Hangzhou signal to China’s (Fin)Techs

On January 10, the municipal government of Hangzhou (the capital of Zhejiang) and locally headquartered Alibaba Group signed a strategic cooperation agreement, underlining the « irreplaceable contribution » of the group to the city’s development, and calling for its continuation.

On the surface, this agreement may appear totally uninteresting. Alibaba has been one of the engines for growth of Hangzhou, one of China’s richest cities, since its founding in 1999. So that there appeared to be nothing new in the agreement.

But under the surface of China’s political / corporate system, the agreement had real significance, as a message to all of the country’s FinTech firms.

Regional and municipal governments – especially in the case of such an important city as Hangzhou – are key supports for local « champions » – be they public or private.

But since the end of 2020, and the Central Government-originated regulatory storm that has engulfed China’s FinTechs (with a series of investigations and fines), there was no room for such encouragement – all the more in the case of Alibaba, as the group was at the origin of the storm.

It was the last-minute cancellation of what was to be China’s largest IPO (Initial Public Offering), for Alibaba’s Ant Financial subsidiary, that marked beginning of the clampdown on FinTech firms in October 2020.

Forget the Fin, focus on Tech

The fact that Hangzhou’s municipal authorities can come back to claiming their support for Alibaba, along with some more discrete and sober signs from Central Government officials, is thus a clear indication that the two-years purgatory episode for China’s FinTechs has reached its end.

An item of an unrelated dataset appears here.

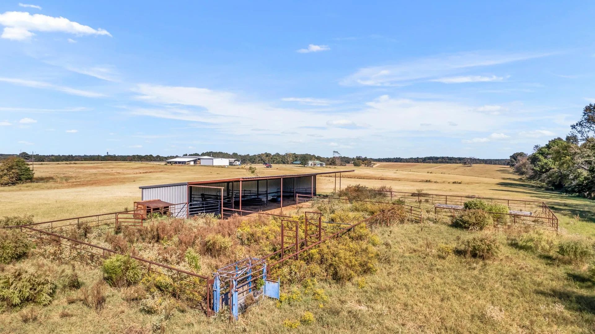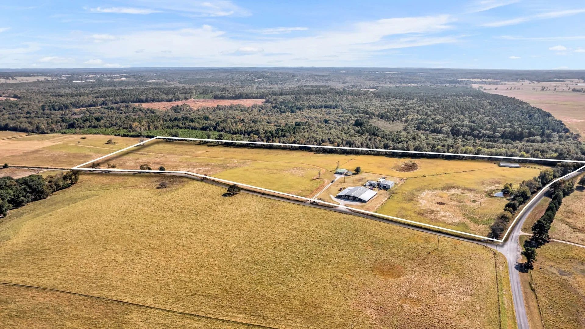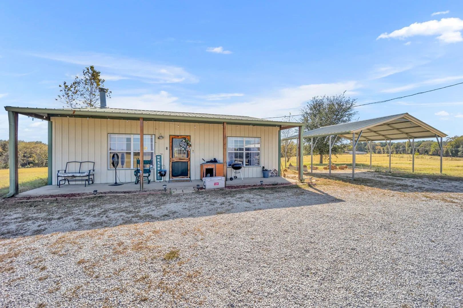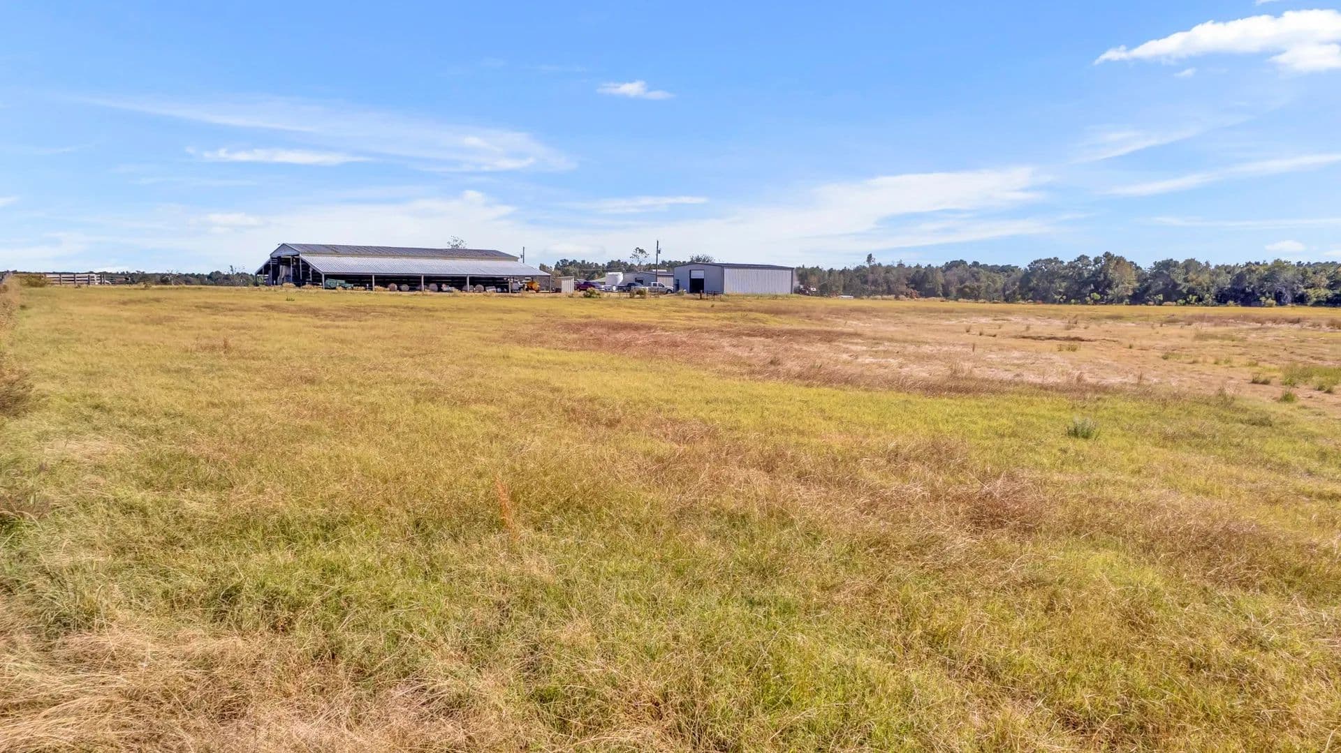 Stunning turnkey ranch on 40 acres with a 1 Bed 1 Bath modern farmhouse! Make this beautiful acreage your dream space, with plenty of room for cattle, horses, and a lush Bermuda hay business. The cozy farmhouse is a fantastic space to call home while you build a larger house, great guest quarters, or even a living space for a ranch hand! Enjoy sunrises on the wide front porch and sunset views through the bonus sunroom or off the covered back patio. You’ll love the high ceilings and open floor plan, plus a full utility and laundry room provides extra storage! Enjoy the chef’s kitchen with large island, stainless cabinets, farmhouse sink, and plentiful cabinets. A bonus nook in the bedroom with gorgeous light is a great office or seating area with a big walk-in closet. Start your ranch right away with the 50’ x 40’ insulated workshop with electric, a 20’ x 40’ storage building, a spacious loafing shed with pens, and a 10,000 sq ft hay barn. With great road access and frontage, travel with equipment to and from the pastures will be easy. Other tracts east on Spillway Rd are also available for expansion! This tranquil retreat and working ranch has incredible possibilities and will be your peaceful rural haven. Call today for more information!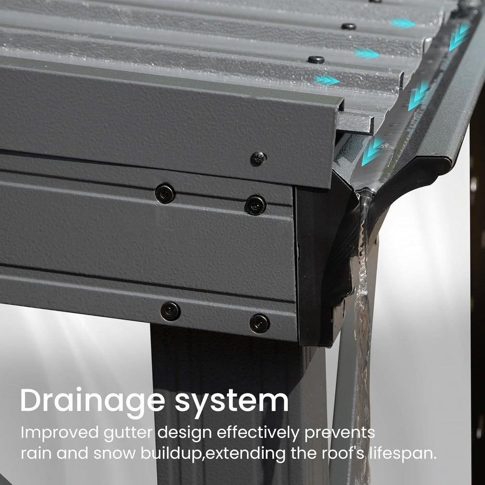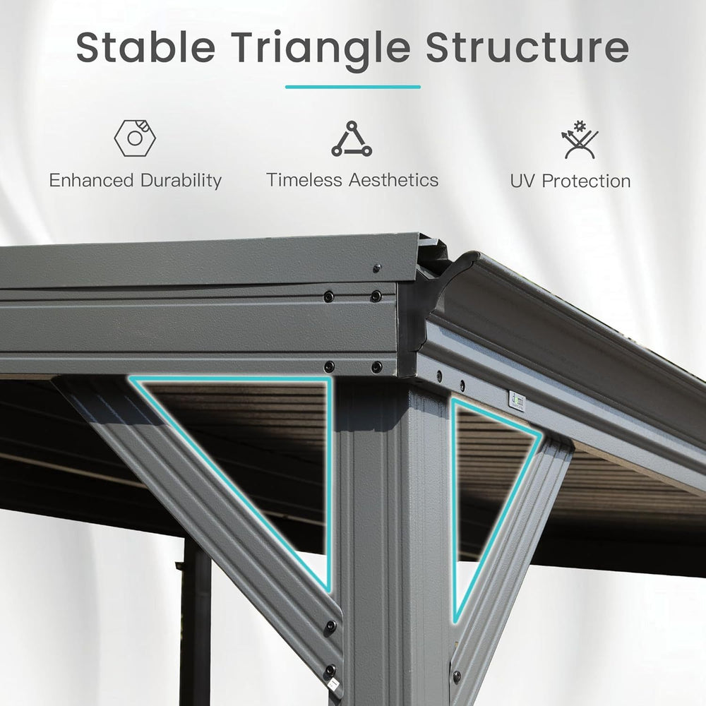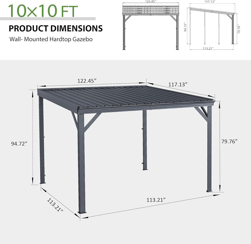 Create a stylish and functional outdoor retreat with this modern wall-mounted gazebo, designed to offer durable shelter and year-round comfort. Crafted from sturdy metal with a galvanized steel hardtop roof, it protects you from rain and harmful UV rays while maintaining a sleek, contemporary look. The spacious 10 by 10-foot (120" x 120") footprint provides ample room for gatherings, lounging, or dining in your backyard, porch, or deck. Its innovative built-in drainage system efficiently channels water away to prevent pooling and structural damage, reducing maintenance and extending the life of your outdoor shelter. Weighing over 212 pounds, this robust gazebo stands strong against various weather conditions, making it a perfect addition for garden and outdoor enjoyment. Elevate your outdoor experience today with this reliable and elegant patio shelter.

Nevertheless, it will be the case only for those who have learned the lesson of that long episode. And that lesson is clear : forget the Fin, and focus on Tech.

The origin of the storm was a speech of Jack Ma (the founder of Alibaba, since in a concrete retirement) some days before the Ant IPO, suggesting the latter would serve as the starting point of a revolution in China’s financing system workings.

Contrarily to what was sometimes written, the problem was not susceptibility of some old-fashioned bankers with heavy weight inside the CPC (Communist Party of China) ; it was that working of the financial system is at the core of the national Socialist Market Economy model.

The government, through massively public banks, controls financing allocation in the country, ensuring it goes to strategic programs. Suggesting that model could change, and part of the country’s working capital could be allocated by private interests, was a red line which crossing spelled the storm.

The Hangzhou message is thus clear. Tech – such as AI (Artificial Intelligence) and Data Centers expertise in the case of Alibaba – is welcome back, for innovation to support the country’s projects. But Fin is too strategic for anyone but the Party to bring innovation in the field.

No doubt China’s (Fin)Techs, who had two full years for thinking about it, got the message.